Comment 0 for bug 430359

Revision history for this message
Robert Collins (lifeless) wrote :

So this primarily affects large data imports, because find/get/execute can all cause a flush(), but until a flush() is caused, objects which the user has no references to are held in memory.

store._dirty acts like a write-cache: it holds objects in the cache and then pushes them out to the backend.

I think it would make storm's behaviour more clear if this write cache was made explicitly into a cache, much as the read cache is an explicit cache which can have its policy controlled.

Creating a WriteCache object which had:
 - add
 - flush
 - clear
 - block_implicit_flush
 - allow_implicit_flush

methods would move all the related logic for the _dirty dict into a clear self contained object.

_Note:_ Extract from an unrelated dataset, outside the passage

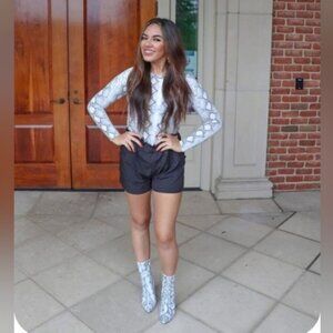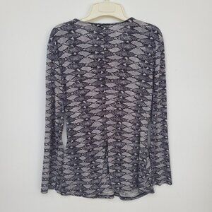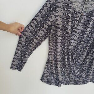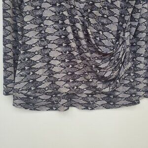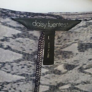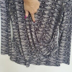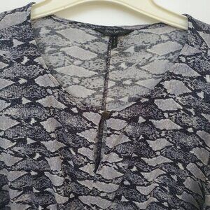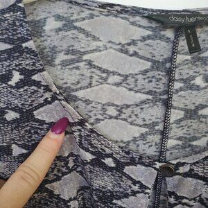 Fitted & Sexy! Long sleeve by Daisy Fuentes. Faux wrap,slimming! Not open across the front, sewn half of top, will never fly open and expose! See pic. Beautiful greyish purple snakeskin print. Slinky Feel. Lots of stretch! Keyhole button front closure @ neckline. This top is sexy and classy! Dress it up w/ skirt & boots, or throw on under your overalls! *Any discoloration is purely bad lighting. *Loose thread at neckline. Otherwise, EUC! Lots of options! **Inspirational outfit ideas included with like item, not exact - Ask me any questions!?!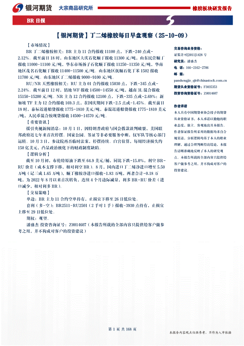 银河期货-丁二烯橡胶每日早盘观察-251009

This could then be parameterised:
 - set a maximum size (with -1 meaning no cap)
 - set a maximum time

(and so on, if/when a user chooses to).

*even if* noone chooses to use it, it would make the behaviour more clear (that storm accumulates objects until explicitly told to flush, or find/get/execute are run).

I hope this makes sense.

James Henstridge says that a default policy that had a size cap could cause hard to debug issues for users, particularly when making a new object that doesn't meet database constraints, if an implicit flush happened at the wrong time. I think this is a good reason to have the default be the current behaviour. That said, find/get/execute can all cause such bugs already; being able to run with a write cache size of 0 would let developers find out about code that adds invalid objects to the store immediately :)